Die italienische Politik: Die alte sozialdemokratische Regierung hat durch starke Unterstützung der libyschen Küstenwache seit Sommer 2017 dafür gesorgt, dass weniger Migranten über die zentrale Mittelmeerroute kommen. Der neue rechte Innenminister Matteo Salvini greift zudem etwa mit Hafensperren für Rettungsschiffe noch härter durch.

Die Veränderung der Flüchtlingsrouten im Mittelmeer Quelle: dpa

Spanien, das neue Italien? Danach sieht es zurzeit nicht aus. Die Zahlen für Spanien sind immer noch sehr gering im Vergleich zu denen aus Italien im Vorjahr. Dort kamen in den ersten sieben Monaten 2017 rund 95 000 Menschen an, dieses Jahr nur noch 18 500. In Spanien waren es bis August etwa 23 500, mehr als doppelt so viele wie im Vorjahreszeitraum.

Die spanischen Exklaven: In der Nähe der nordafrikanischen Exklaven Ceuta und Melilla harren Tausende Afrikaner aus, die auf europäisches Territorium gelangen wollen. Das gelingt aber nur wenigen. Seit Jahresbeginn konnten nach Angaben des Innenministeriums 571 Menschen den doppelten Grenzzaun nach Ceuta stürmen.

Marokkos Rolle: Die Lage in Marokko ist unübersichtlich. Niemand weiß genau, wie viele Migranten sich im Land aufhalten. Das Innenministerium in Rabat schätzt, dass es etwa 18 000 sind. In Libyen halten sich laut IOM dagegen knapp 680 000 auf. Die Menschen, die in Marokko in die Boote steigen, kommen teils aus denselben Ländern wie diejenigen in Libyen: aus Nigeria, dem Senegal oder Kongo.

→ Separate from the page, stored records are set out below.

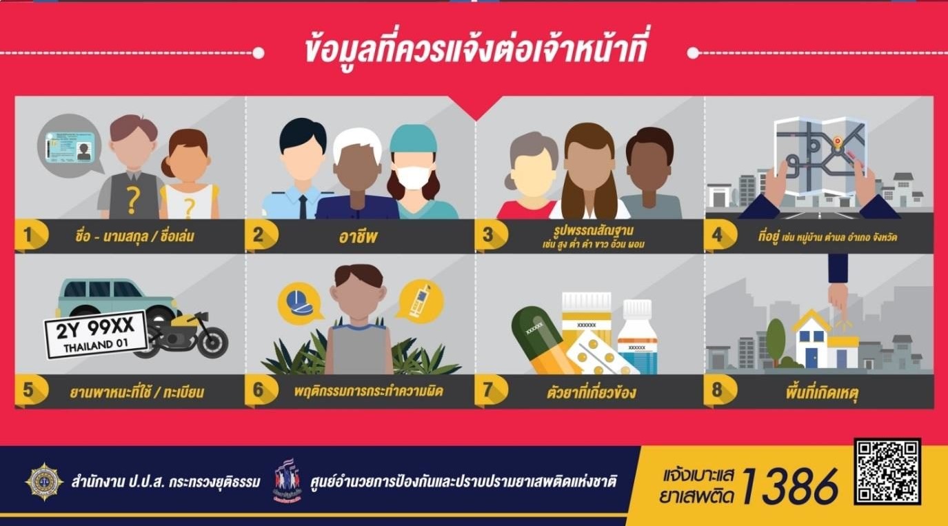 1. ประชาชนแจ้งข้อมูลเบาะแสยาเสพติดกับเจ้าหน้าที่ โดยมีข้อมูลดังนี้
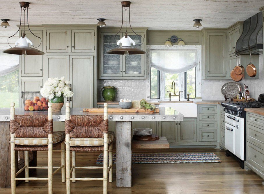 - оформление в светлых тонах. Отличительной чертой стиля считается применение светлых оттенков как для отделки, так и для изготовления кухонных фасадов и элементов мебели. Некоторые предметы специально состаривают, чтобы создать эффект потертости и выгоревшей на солнце поверхности;
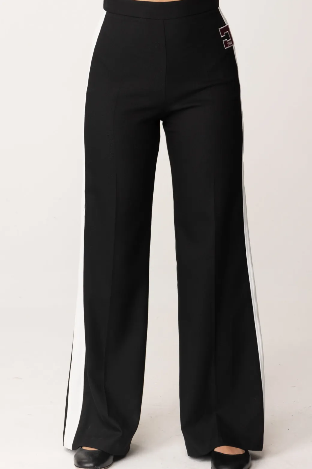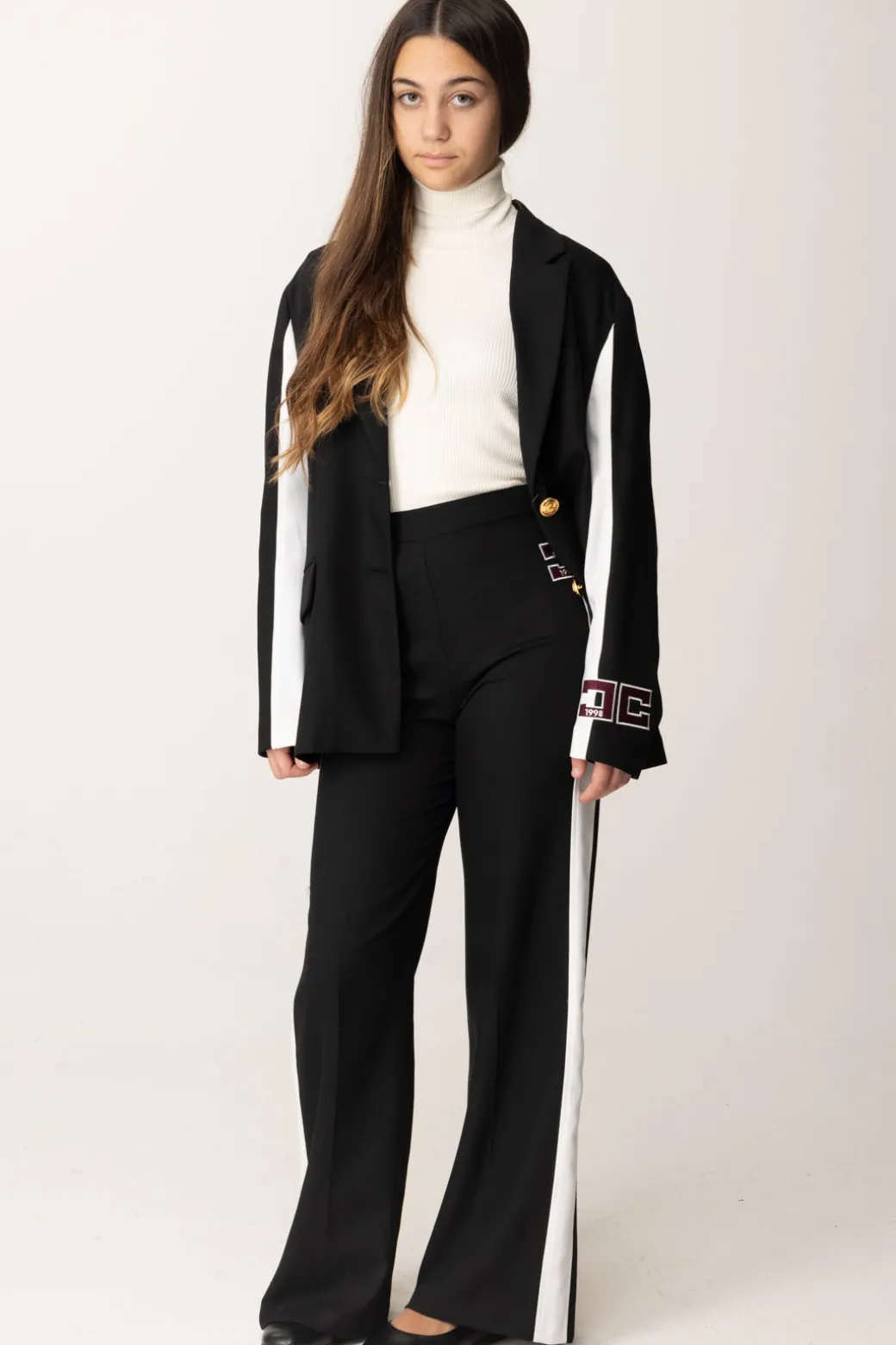 Sai che nella collezione c’è una giacca con cui puoi creare un completo a partire da questi pantaloni Elisabetta Franchi La mia bambina? Eleganti e contemporanei, con l’inserto a contrasto di colore e il logo maxi sul fianco, un capo esclusivo perfetto in set con il capospalla, ma anche da solo con t-shirt con logo, bluse e camicette della collezione.
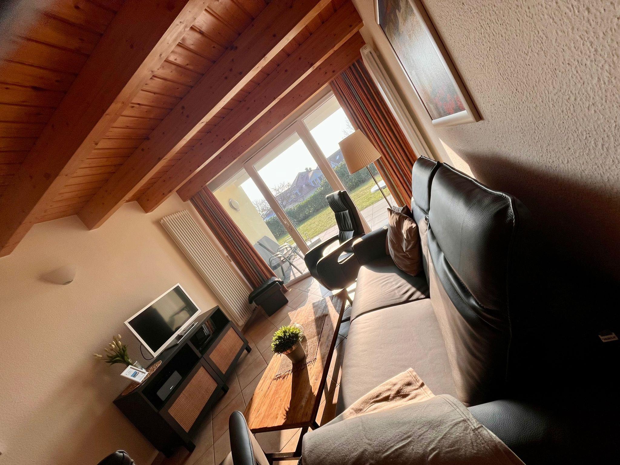 Die Strandmuschel ist eine komfortable Ferienwohnung mit Blick auf das Salzhaff und Zugang zu Schwimmbad sowie Sauna.
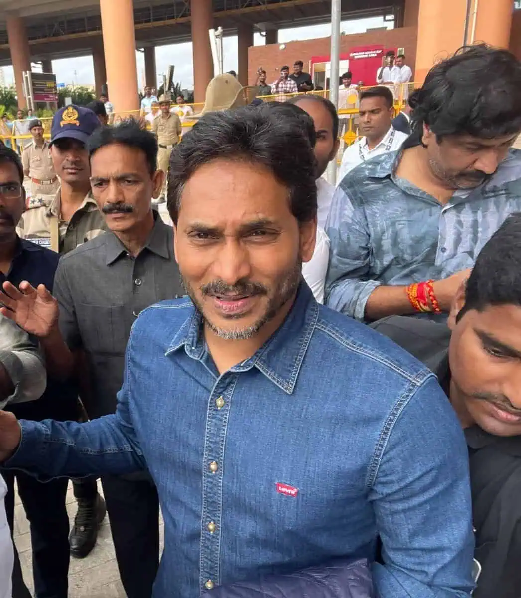Jagan who usually wears a white shirt and kaki pant has changed it up with his airport look this time as he is seen in a complete denim outfit. He has completely different visual optic in this latest public appearance and this is something new to his fans as well.
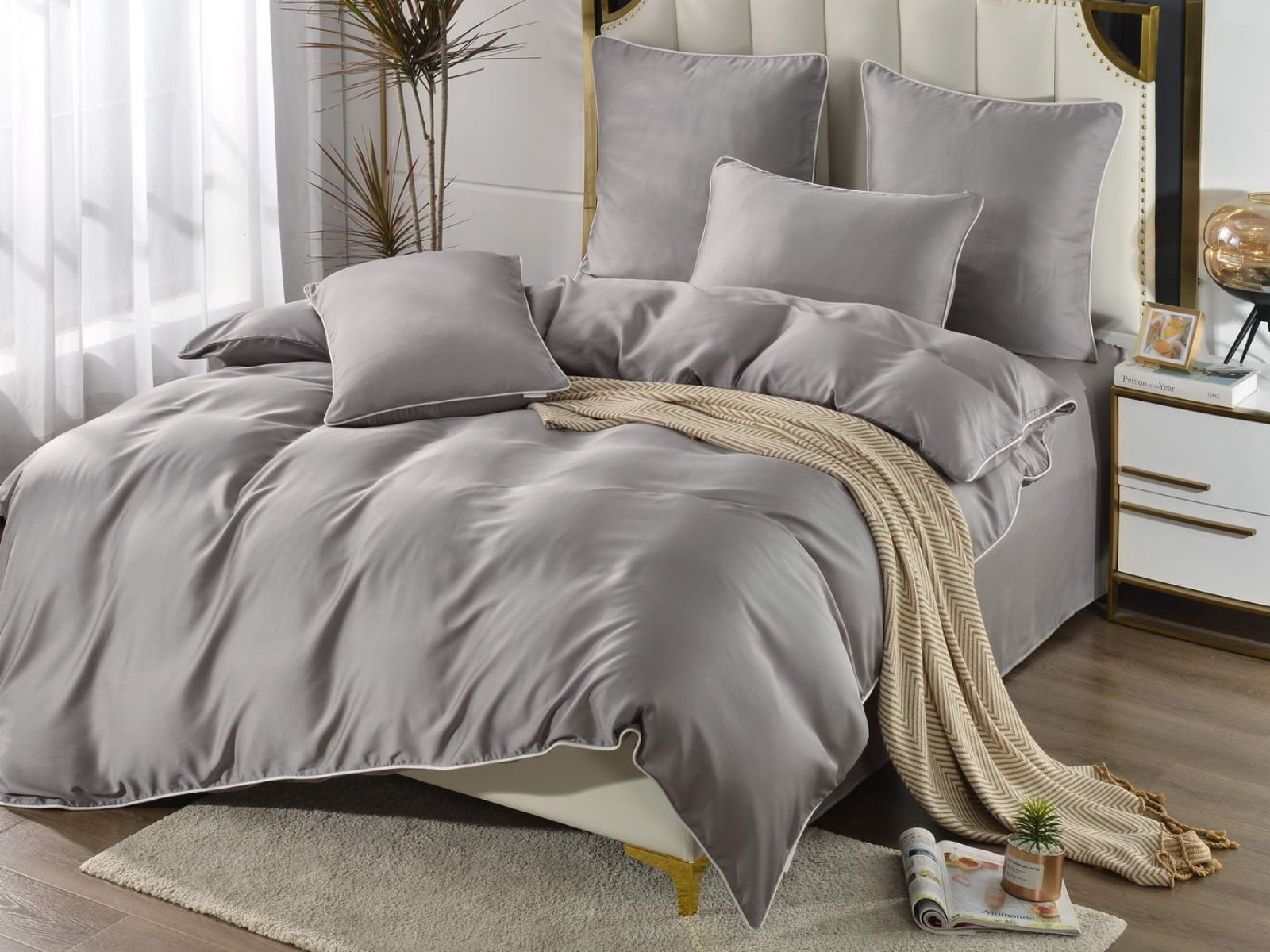Тенсел – это натуральная ткань из эвкалиптового волокна. На ощупь тенсел напоминает шелк – он такой же легкий и гладкий. Постельное бельё из такой ткани обладает хорошей терморегуляцией, поэтому его можно использовать в любое время года – не будет жарко или холодно. На данный момент, тенсел пользуется большой популярностью во всем мире.

Fast alle gelangen über die mehr als 1000 Kilometer lange Wüstengrenze mit Algerien ins Land, weshalb beide Länder im Streit liegen.

Die libysche Küstenwache: Sie agiert im Sinne der europäischen Regierungen und hat, vor allem mit italienischer Hilfe, die Zahl der von ihr abgefangenen Migranten drastisch erhöht. Bis Ende Juli waren es laut IOM etwa 12 000 Menschen. Anders als in Europa werden sie in Libyen nicht in Aufnahme-, sondern in Gefangenenlager geschickt. Das UNHCR will in Kürze ein erstes eigenes Auffangzentrum in Libyen eröffnen. Dort können etwa 1000 Menschen bis zur Umsiedlung in ein Drittland leben. Für Wirtschaftsmigranten ist das Zentrum nicht gedacht. Sie können weiter mithilfe der IOM in ihre Heimat zurückkehren. Seit Januar 2017 nutzten rund 30 000 Migranten das Angebot.

Die Balkanroute: Die Lage auf dem Balkan bleibt angespannt. Rund 60 000 Zuwanderer hielten sich in der Region auf, sagt der Schlepperexperte des österreichischen Bundeskriminalamts, Gerald Tatzgern. “Es sind teils Menschen, die sich dort schon seit Längerem eingerichtet haben, oder teils erst jüngst via Griechenland eingetroffen sind.“ Dem Roten Kreuz zufolge sind etwa in Bosnien-Herzegowina seit Jahresbeginn 8000 Menschen eingetroffen, achtmal so viele wie 2017.